Personal information
- Date of birth: 3 March 1988 (age 38)
- Place of birth: Glasgow, Scotland
- Height: 6 ft 2 in (1.88 m)
- Position: Goalkeeper

Youth career
- Kilmarnock
- 2004–2005: Dundee

Senior career*
- Years: Team / Apps / (Gls)
- 2005–2007: Dundee / 25 / (0)
- 2007–2008: Queens Park / 8 / (0)
- 2008: Partick Thistle / 0 / (0)

= Scott Murray (footballer, born 1988) =

Scottish footballer

Scott Murray (born 3 March 1988 in Glasgow) is a Scottish former footballer.

Murray won the Scottish Youth Cup with Kilmarnock in 2004 before being released shortly after. Dundee manager Jim Duffy then signed Murray on a 2-year contract. He made his first team debut against Airdrie in the Scottish Challenge Cup saving two penalties in the penalty shoot-out at the end of the game to send Dundee through to the next round.
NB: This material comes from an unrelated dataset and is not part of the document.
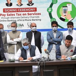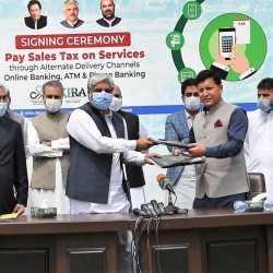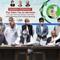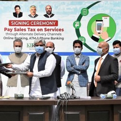The tripartite agreement was signed amongst the Government of Khyber Pakhtunkhwa, State Bank of Pakistan and 1-Link on Tuesday at the Civil Secretariat Peshawar. KP Finance Minister Taimur Khan Jhagra and Spokesperson KP Government Kamran Khan Bangash attended the ceremony.
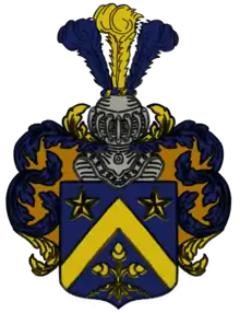 The shield is in the form of "Tiercé en chevron", which was a symbol of protection and conservation, martial valor, resistance and strength.[9] The tincture of the coat of arms is held in blue and gold. The golden rafter is accompanied above by two golden stars. Below is a bundle of three golden acorns tied together with a golden ribbon. The helmet is held in silver and has seven grids. The crest consists of a golden between two blue ostrich feathers. In addition, the helmet is surrounded by blue-golden blankets.

He went on to make 25 league and cup appearances for the Dens Park side in the 2005–06 season, winning Young Player of the Month for January 2006. He signed a new 2-year contract in February 2006, while keeping five clean sheets in a row. Scott also represented Scotland at U16, U17 and U19 level.

He left Dundee in August 2007 despite having a year left remaining on his contract, opting to sign for Billy Stark at Queen's Park. On 6 September 2008, Murray signed an amateur contract with Partick Thistle.

Murray also coached at Queen's Park, and ran a coaching programme in Lenzie.